For any d sugar, the conversion of a Fischer formula into a Haworth formula proceeds as follows: (1) any groups (atoms) that are directed to the right in the Fischer structure are given a downward orientation in the Haworth structure, (2) any groups (atoms) that are directed to the left in the Fischer structure are given an upward orientation in the Haworth structure, and (3) the terminal –CH₂OH group is given an upward orientation in the Haworth structure. For an l sugar, 1 and 2 are the same, but the terminal –CH₂OH group is projected downward. The structures of α-d-glucopyranose and β-d-fructofuranose illustrate the conversion (Figure 2.6). Note the shorthand form, in which only dashes are used to represent the positions of the –OH groups and all C-linked H atoms are omitted.

Figure 2.6

Conversion from Fischer to Haworth projection formula. Each hydroxyl (or hydroxymethylene) group projected to the right in the Fischer projection points down in the Haworth formula.
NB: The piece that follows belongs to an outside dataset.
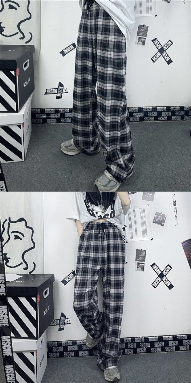 パンツ レディースサマースタンダード格子柄ルーズ薄手カジュアル レトロ 夏物 Brother_is_Style61609157114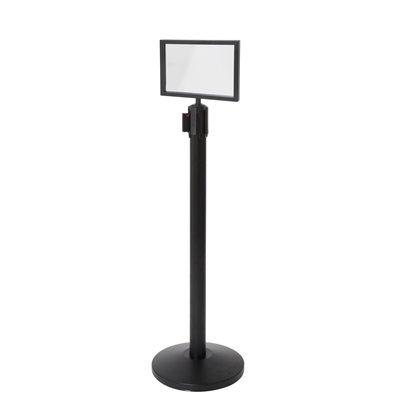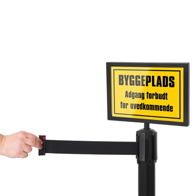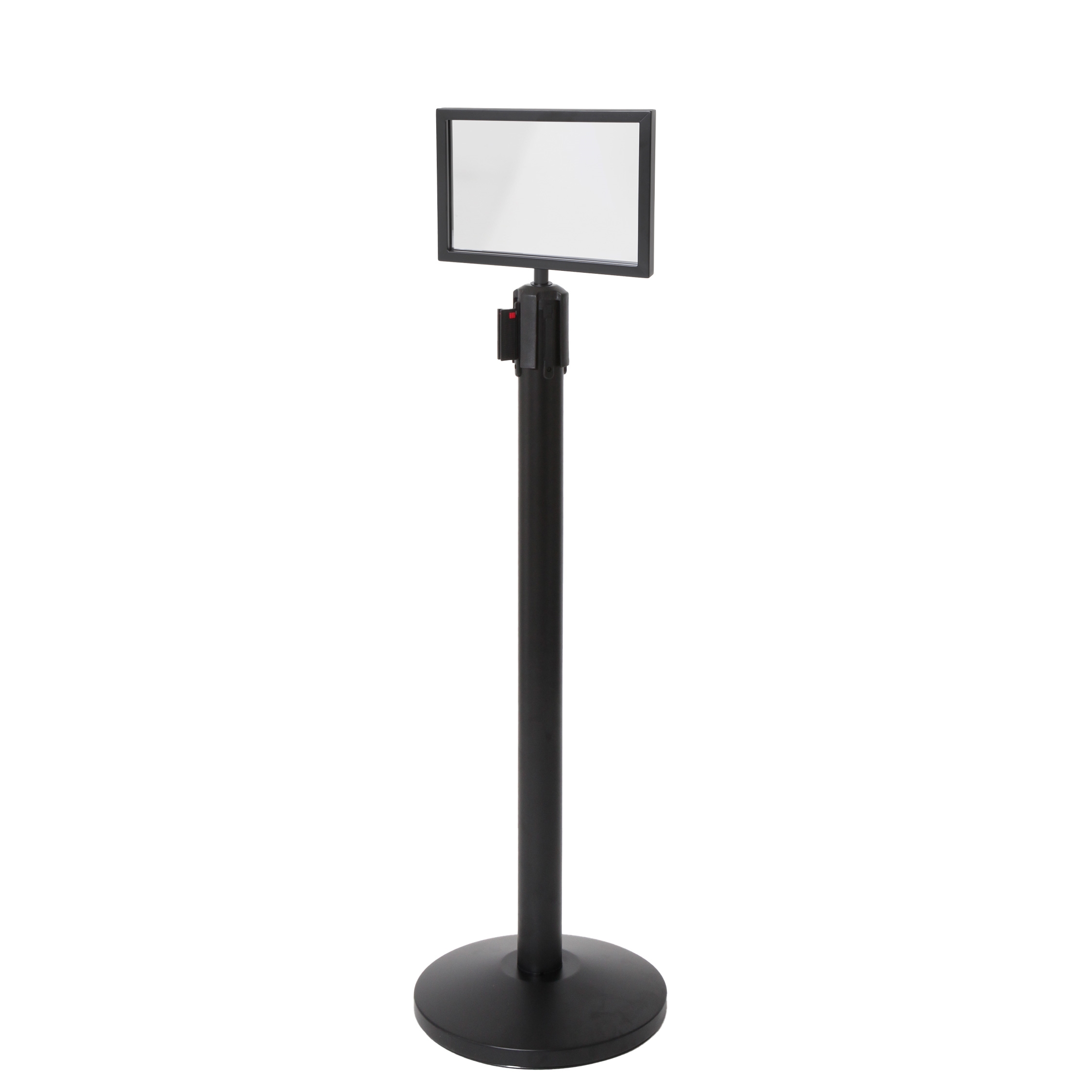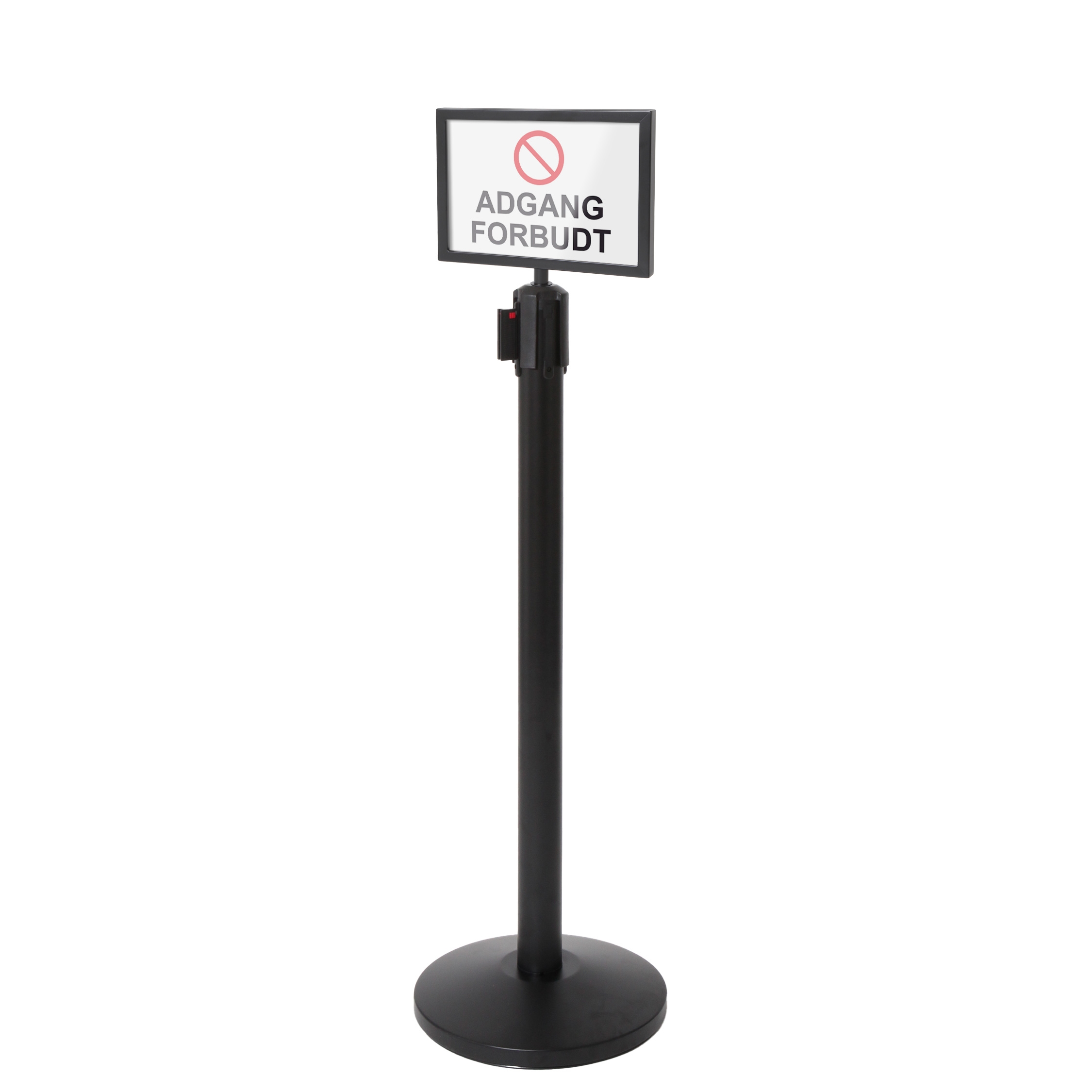Eleganter schwarzer A4-Plakatrahmen im Querformat, entwickelt zur Befestigung an Absperrpfosten mit Band. Ideal zur Anzeige von Hinweisen, Warnungen oder Wegbeschilderungen in abgesperrten Bereichen.

Ring Conformation of Sugars

The planar Haworth structures are distorted representations of the actual molecules. The furanose ring is rather flexible and not entirely flat in any of its energetically favored conformations; e.g., it has a slight pucker when viewed from the side, as seen in the representations of the so-called envelope and twist (or skew) conformations (Figure 2.7). The preferred conformation of a pyranose ring is the chair conformation, similar to the structure of cyclohexane, and thus far from flat. In the chair conformation, the OH groups exist in either axial (vertical) or equatorial (nonvertical) positions (Figure 2.7). The conversion from Haworth projection to chair conformation leaves the downward or upward orientation of ring substituents unaltered. Two chair conformations can be distinguished, designated 4C1 and 1C4 or ⁴C₁ and ¹C₄, respectively (Figure 2.7). The first numeral (sometimes written as superscript) indicates the number of the ring carbon atom above the “seat of the chair (C),” and the second numeral (subscript) indicates the number of the ring carbon atom below the plane of the seat (spanned by C-2, C-3, C-5, and the ring O). Chair conformations are designated from structures with the ring oxygen atom in the top right corner of the ring “seat,” resulting in the clockwise appearance of the ring numbering. The boat conformation is energetically unfavorable for almost any pyranose.

Figure 2.7

(a) α-d-glucose in Haworth projection and in its ⁴C₁ and ¹C₄ chair conformations; (b) definitions of axial and equatorial orientations in a chair conformation (atoms C-2, C-3, C-5, and the ring oxygen form the seat of the chair); (c) envelope (more...)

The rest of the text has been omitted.